Pinballs aren't too hard to get cheap if you can work on them... people sell them cheap when they don't work.  You can usually find a decent number of them around $400-$600 at pinball shows, too, which really isn't that bad. Those are usually the middle of the road machines - not the really old ones or the new fancy ones. 

 What do I collect? An eclectic mix of this and that. Usually anything I like that I can get cheap or free. 

 Things I collect...collect being a relative term... may want to call it things that I am drawn to so will probably buy if the price is right.

 I love books and when I win the lottery, my new house will have a library.
 It will also have a museum[]
 Travel related stuff, since I'm in the travel business... Don't have as much as I would like
 Playing cards. 
 Boxes of all sorts (old/new/big/small/cardboard/wood/glass - doesn't matter as long as I like it.)
 Postcards
 Bottles - which I prefer digging myself.
 Broken glass 
 Little things I find digging or metal detecting
 Local odds & ends - for example, I got a Dorney Park bullet pencil and matchbook this year.

 I collect dragonfly odds & ends for my daughter and if I find a nice Portland Head/Cape Elizabeth lighthouse something or other, I buy that for her as well.


----------



## pyshodoodle (Nov 23, 2009)

I have quite a few things painted buy Janie Mattern from Leesport.
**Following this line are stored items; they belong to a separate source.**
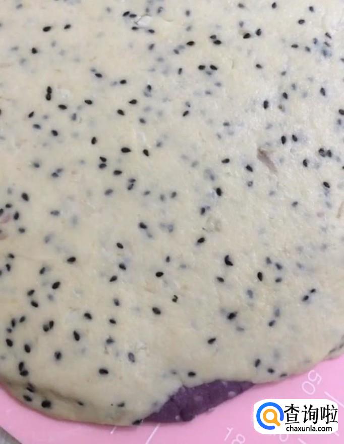 然后我们在面团上面刷一层食用油,用擀面杖擀成大薄片,将红薯的放在紫薯的上面
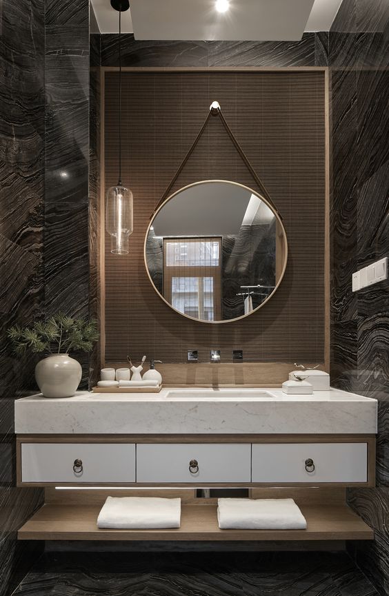 怪不得会被雅布一眼选中,用在深圳湾一号的样板间中,整个卫生间,没有其他任何搭配,大师就是大师,只用这一款石材,横向地拉出纹理,能量场已经足够了。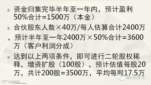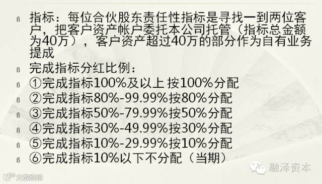 ß分红时间:每年8月8日为结算日,结算日起30日内完成当期分红派发ß分红原则:本金盈利不作分红,业务收益按合伙股东所占比例分配。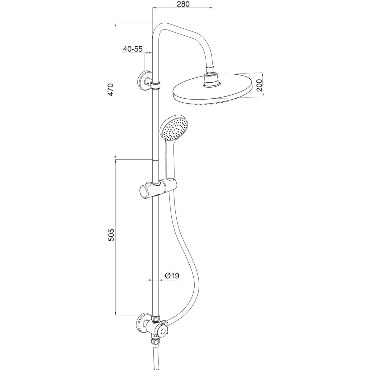 Top zuhanykészlet 100 cm-es zuhanyrúddal. A felső fogantyú állítható - használja a régi lyukakat. Forgatható fejzuhany 1 fúvókával és tisztító fúvókákkal. Kézi zuhany 1 fúvókával és tisztító fúvókákkal. 150 cm-es rozsdamentes acél zuhanytömlő. Csúszka a zuhanykartonhoz. Kapcsoló a fejzuhany és a kézi zuhany közötti váltáshoz. A kapcsoló az alsó fogantyú része. A meglévő keverőhöz való csatlakozótömlő tartozék.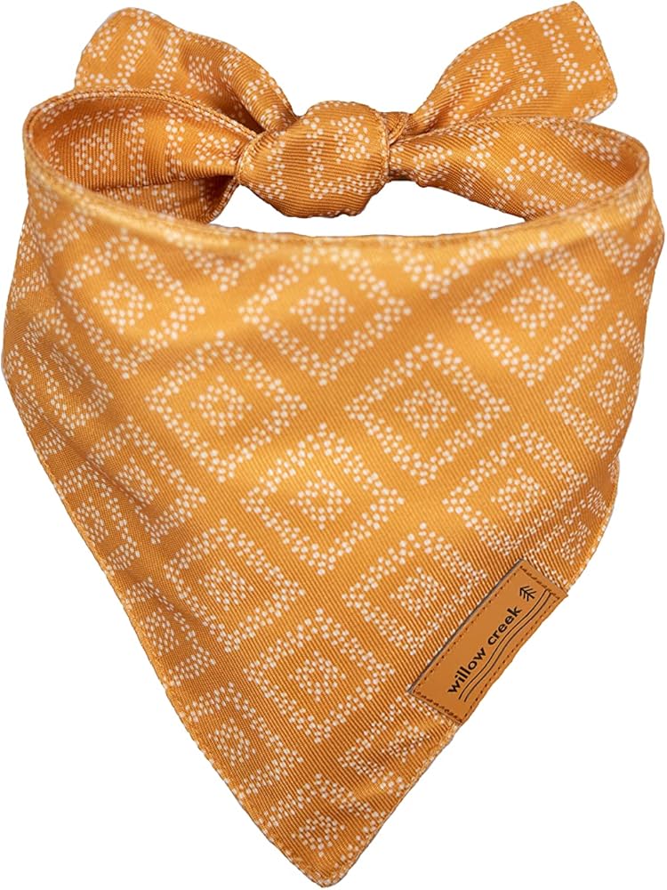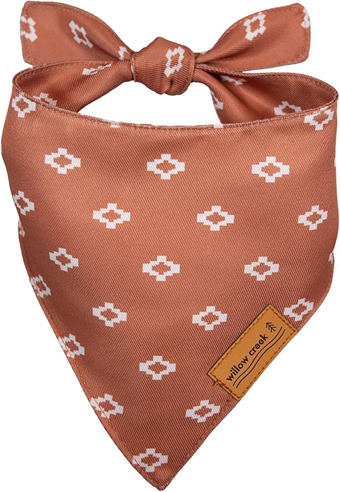 • ADJUSTABLE SIZING AND COMFORT: Willow Creek Bandanas come in three standard sizes: Small (necks up to 14”), Large (necks up to 21”), and X-large (necks up to 31”). The long ties allow for an adjustable fit to a variety of neck sizes and tie into an attractive knot. The curve-cut neckline is designed to fall around the natural neckline of your pet keeping them comfortable without excess or bunched up fabric.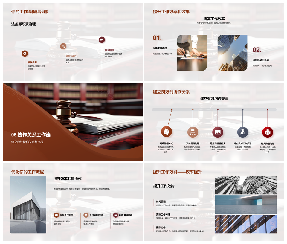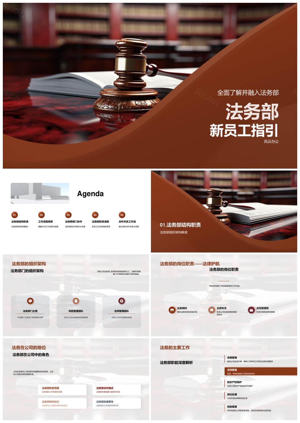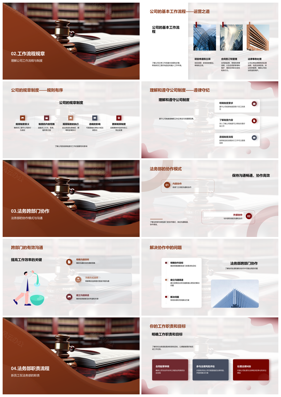 这是一张法务部新员工指引公司制度跨部门职责协作法槌PPT模板,包含法务部、新员工、指引、公司、制度、跨部门、职责、协作、法槌等主题内容,也可用作法务部新员工指引公司制度、公司制度跨部门职责协作、跨部门职责协作法槌、新员工指引公司制度、公司制度跨部门职责、跨部门职责协作、职责协作法槌、法务部新员工、新员工指引、指引公司制度、公司制度跨部门、跨部门职责、职责协作、协作法槌、法务部新员工指引等PPT场景使用。 风云办公提供的法务部新员工指引公司制度跨部门职责协作法槌PPT模板,下载格式为pptx,一共24页,作品中文字及图均可以修改和编辑,图片更改请在作品中右键图片并更换,文字修改请直接点击文字进行修改。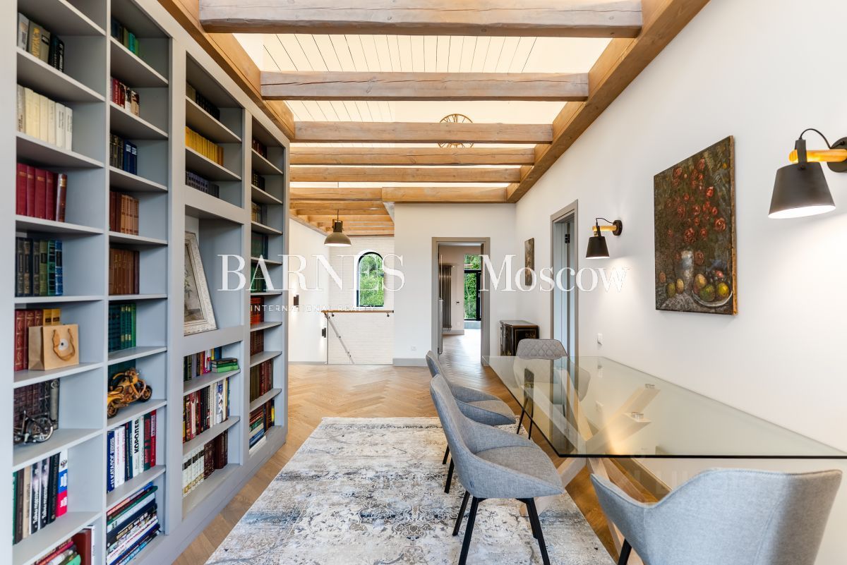 Продается новый дом 439 кв.м. на участке 21 сотка в КП Чистые ключи. 28 км. от МКАД по Киевскому или Калужскому шоссе. Планировка: 1-й этаж: холл, гардеробная, гостиная с камином и с выходом на террасу, кухня-столовая, мастерская-комната свободного назначения, постирочная, гостевой с/у, гараж на 2 м/м. В гараже предусмотрена мойка машин (установлено два водяных крана и слив в полу в канализацию), 2-й этаж: 4 спальни с индивидуальными с/у и гардеробными, библиотека, зимний сад. Цоколь: лифт, щитовая, винный шкаф, вход в полуподвал.Коммуникации: газ магистральный - прямой договор, электричество 15 квт, водоснабжение и канализация централизованные, отопление: 1 этаж по всей площади теплый водяной пол + напольные конвекторы, 2 этаж - немецкие настенные батареи + напольные конвекторы. Конструктив дома: материал стен: Голицинский кирпич с утеплением, толщина стен примерно 100 см, облицовка стен: все архитектурные элементы (русты, пояс, наличники окон и дверей), фасадная клинкерная плитка - White Hills. Монтаж произведен компанией завода производителя. На участке парковка на 4 м/м, подготовлены условия для строительства СПА/бани (предусмотрено электричество от основного щита, подготовлена площадка под строительство). Участок ровный, прилесной, с ландшафтными работами: завезен плодородный грунт, сделан дренаж участка, посажен и перезимован в течении трех лет фруктовый сад, декоративные деревья и цветущие кусты, сделано разновидное освещение фасада дома, установлено освещение участка, смонтирован автополив Hunter, установлено видеонаблюдение по всему участку (9 камер), сделано мощение дорожек брусчаткой Вайт Хилс на бетонном основании. Участок огорожен. Фундамент забора - бетон шириной 40 см, столбы - бетон, облицовка клинкерный кирпич Вайт Хилс, между столбами доски. На границе участка протекает приток реки Десна. За границей участка отсыпан декоративный остров, построен мостик, соединяющий участок дома и остров, который окружен с обеих сторон притоками реки.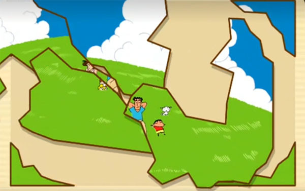 4、然后蜡笔小新就可以开始拼图了,点击拼图碎片移动到合适位置即可

She's had 2 kids now and seems to have cut back on her painting. I usually go to the Leesport craft shows just to see how she's doing.. she does nice dragonflies.. have a neat scarecrow she did also. I like art/craft stuff, too, but it can get pricey, so don't usually buy... just go to look. There's a good show on Main St in Bethlehem in May or June that I like to go to. Next time, I'm taking my camera.

 http://www.volunteersforwildlife.org/shop/handmade/


----------



## mr.fred (Dec 6, 2009)

Great find Kate[]---------I would leave as is-----just my 2cents[8D]-----Fred.


----------